It would be a terrible thing to say, “I’m bored.” Unless you are someone who has been all over the world doing who-knows-what, I guess it would be unfair to yourself to say that you are experiencing boredom. It was a very contagious feeling, boredom. It eats you whole, and left you fully caved into your couch worrying about things that happen to others.
See, boredom is not a healthy expression. One must not feel it so often, since they have the whole world outside their window. But you can’t help but to sit and whine about why you’re not all over the world doing who-knows-what. Because now, you have to pay in order not to get bored. That’s the general perception of ways to obtain pleasure, and fulfilling one’s desire.
Once I was on a family trip to Puncak, near the end of last year. I decided not to drive there, and hop on to one of my relative’s car since I don’t like long drive at the time. Puncak (The Peak as you may call it) stretch up this hill on a one way road designed in order to avoid traffic jams on both directions. The road changes its one way direction every three hours.
I have never been more confined in my life.
To wait in a jammed traffic where it was only a one way road for about three hours was the most unpleasant trip experience of my life. It would be a bit better if the whole party filled with adults; there would be a lot of whining but no crying. Oh how I wish it was true.
I’m bored and frustrated. On top of that, I have to witness my 8-year-old (I think) cousin cry the whole trip every time things doesn’t go her way. Which is fine by me, until my phone decided to bail on me and die in the middle of Adele’s “Rolling in the Deep”.

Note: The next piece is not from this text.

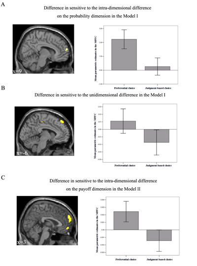 研究发现,在偏好决策任务中,冲突相关的脑区(背内侧前额叶)的活动性受到两个选项维度(概率和报酬)内差异的显著影响,而与两个选项的总效用维度差异不相关。与之相反,在判断决策任务中,背内侧前额叶的活动性受到两个选项的总效用维度差异的显著影响,而与维度内差异不相关。根据我们提出的补偿性-非补偿性的冲突反应假设,这一发现表明,人们在根据自己偏好进行决策的时候并不遵循补偿性规则。此外,研究人员还发现在偏好决策时的冲突强度大于判断决策下的冲突强度。这暗示,在判断决策过程中,决策冲突通过补偿性计算的方式解决了;而在偏好决策过程中,由于决策冲突没有被解决,被试一直感受到强烈的冲突。

When we get to the villa, the only consolation there was a pool table and a swimming pool. I am content with the former. The smaller kids however, like the latter. My phone didn’t get that much reception so I stayed playing pool table for who-knows-how-long. The villa is almost always loud, with kids running around and play. Aunts and uncles talking about adult stuff. I get to hangout with cousins near my age and talk about young adult stuff. It was nice overall.
But, everybody sleeps early. I can’t force myself to sleep at 9 PM when in reality, 9 PM is “foreplay” into binge-watching Doctor Who (about to start season 3). I was bored out of my mind. I don’t have my laptop with me and no WiFi on that villa.
The only thing I can do is to read, until sleepiness overpowers me. It did, around 12 AM I went back to my room finally able to close my eyes.